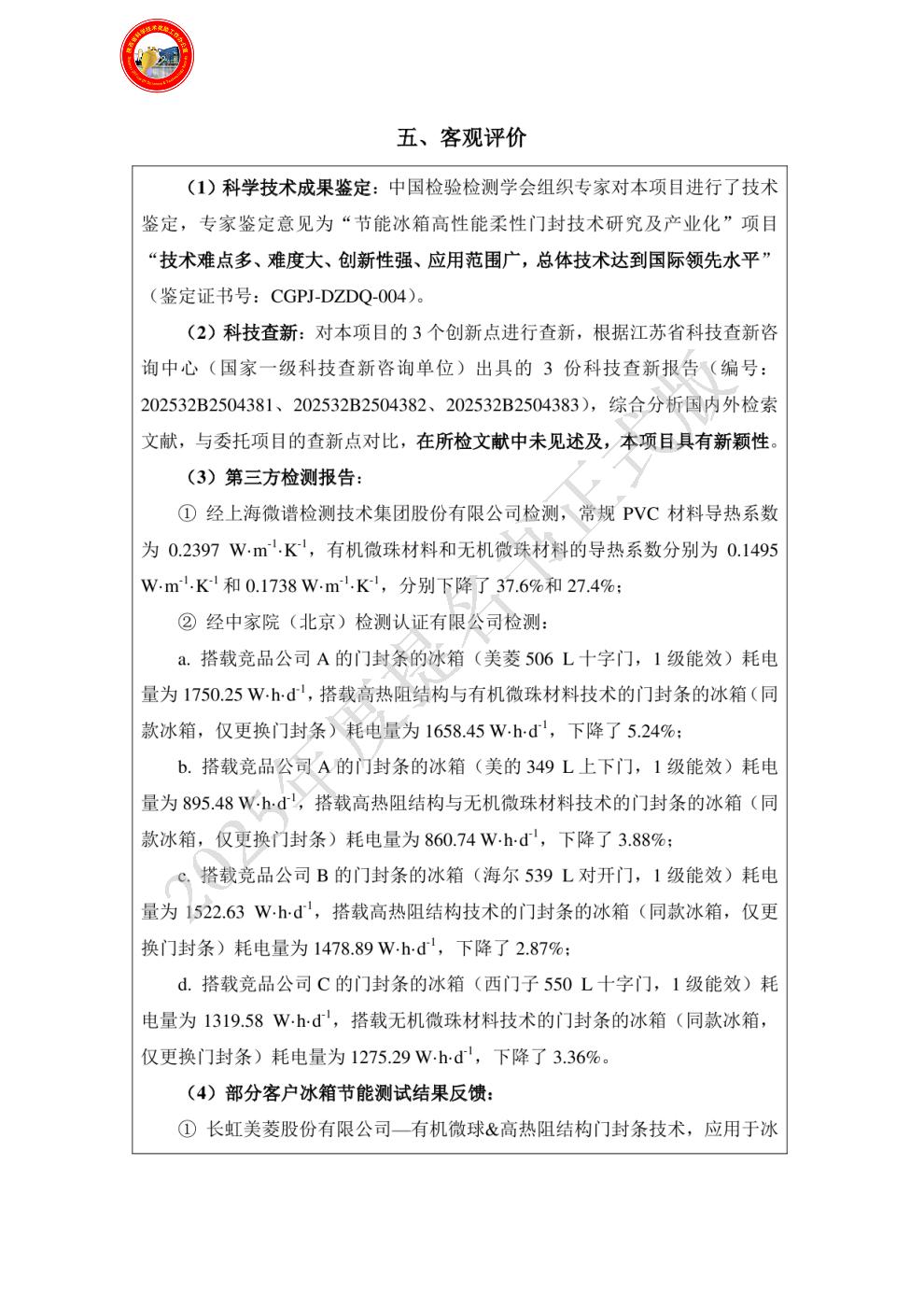 应用该创新技术的冰箱整机耗电量显著降低3%~5%,至2024年累计节电12.4~20.7亿千瓦时,碳减排98.38~163.97万吨,经济与社会效益巨大。中国检验检测学会组织的科学技术成果鉴定(鉴定证书号:CGPJ-DZDQ-004),认为技术难点多、难度大、创新性强、应用范围广,总体技术达到国际领先水平。项目显著提升了我国冰箱节能技术的国际竞争力,为落实“双碳”战略做出了突出贡献,完全符合科技进步奖标准。
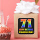 This colourful, cheerful, and fun birthday sticker design features a large number "71" and the message "HAPPY BIRTHDAY,", both coloured with a rainbow spectrum gradient inspired pattern, along with a bold yellow editable name. The background is coloured black. Fun stickers like this might be used when wrapping gifts being given to somebody in celebration of their seventy first birthday, or perhaps maybe be given out to the attendees at a birthday celebration or party. [~Z0000480]
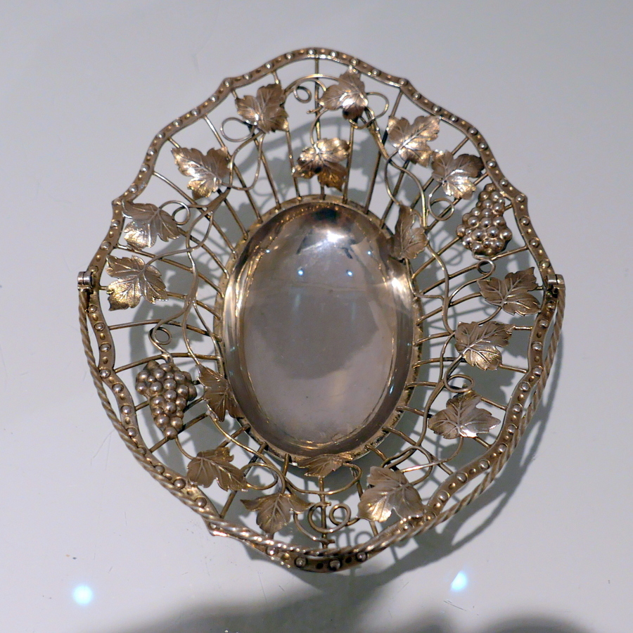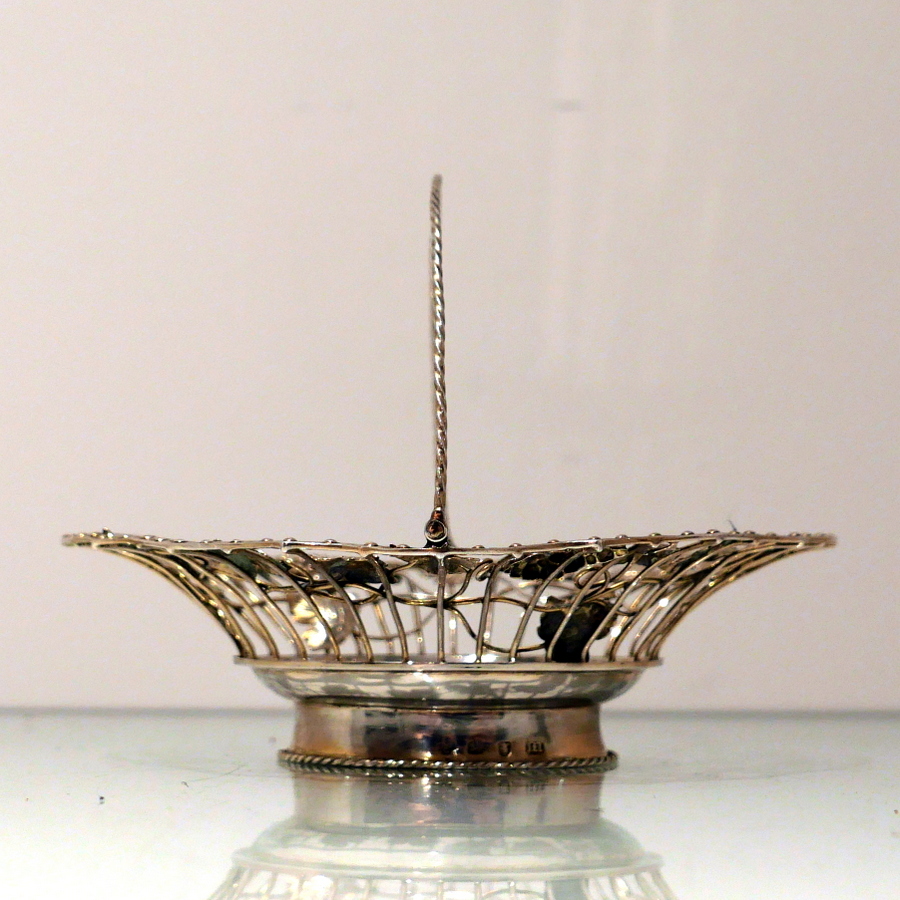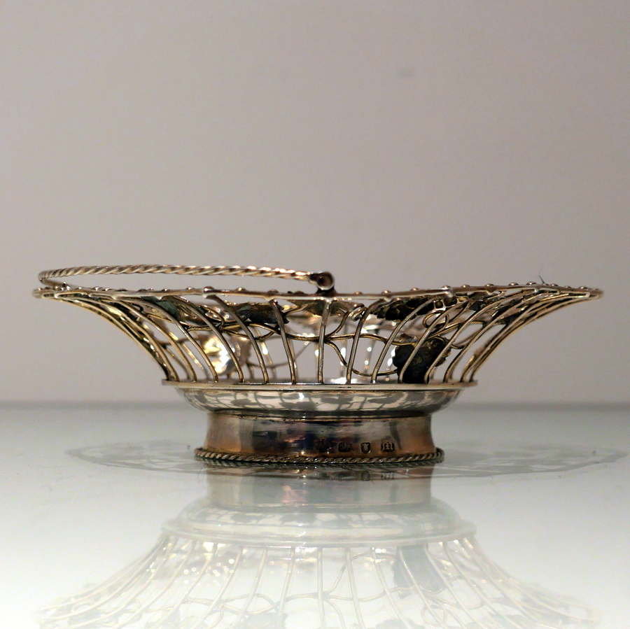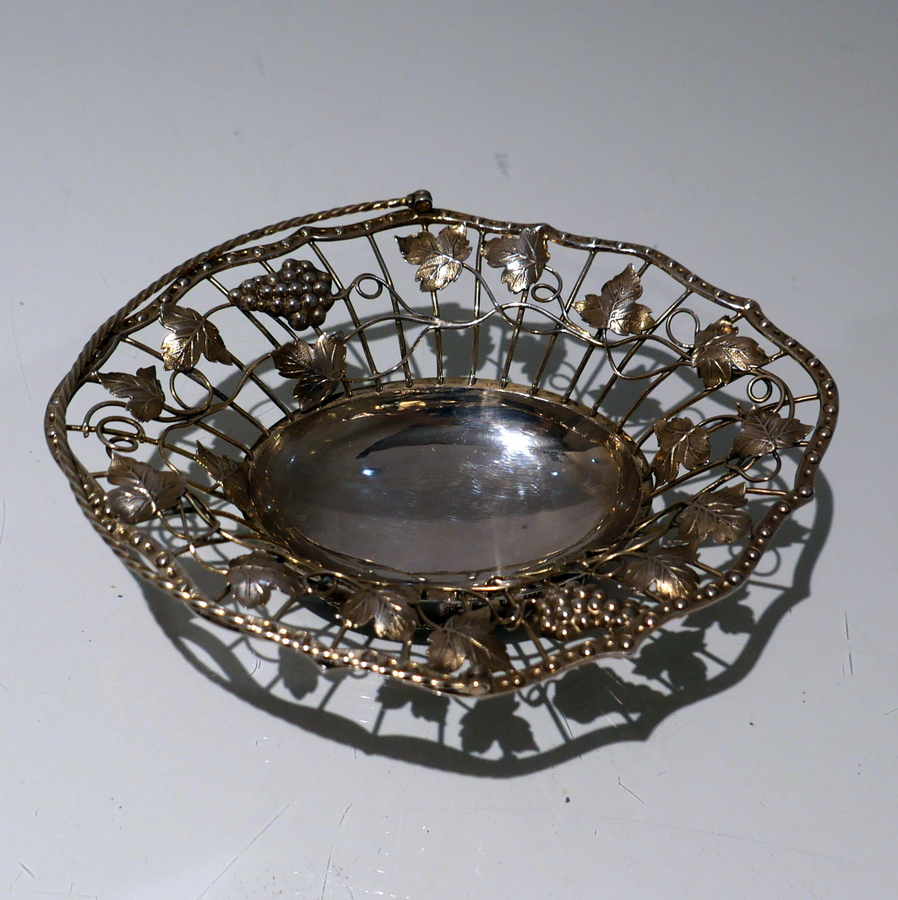 A beautiful mid 18th century shaped oval swing handled sweet meat basket decorated with a stylish wire work frame and elegant cast grape and vine motifs. The border has innovative rivets which doubles as a spaced bead decoration.

####################

▸ Exercise:
Transcribe only the lines from the one holding "This colourful, cheerful, and" through the last line of the listing above, inclusive, and do not include the pictures.

▸ Output below:
 This colourful, cheerful, and fun birthday sticker design features a large number "71" and the message "HAPPY BIRTHDAY,", both coloured with a rainbow spectrum gradient inspired pattern, along with a bold yellow editable name. The background is coloured black. Fun stickers like this might be used when wrapping gifts being given to somebody in celebration of their seventy first birthday, or perhaps maybe be given out to the attendees at a birthday celebration or party. [~Z0000480]
 A beautiful mid 18th century shaped oval swing handled sweet meat basket decorated with a stylish wire work frame and elegant cast grape and vine motifs. The border has innovative rivets which doubles as a spaced bead decoration.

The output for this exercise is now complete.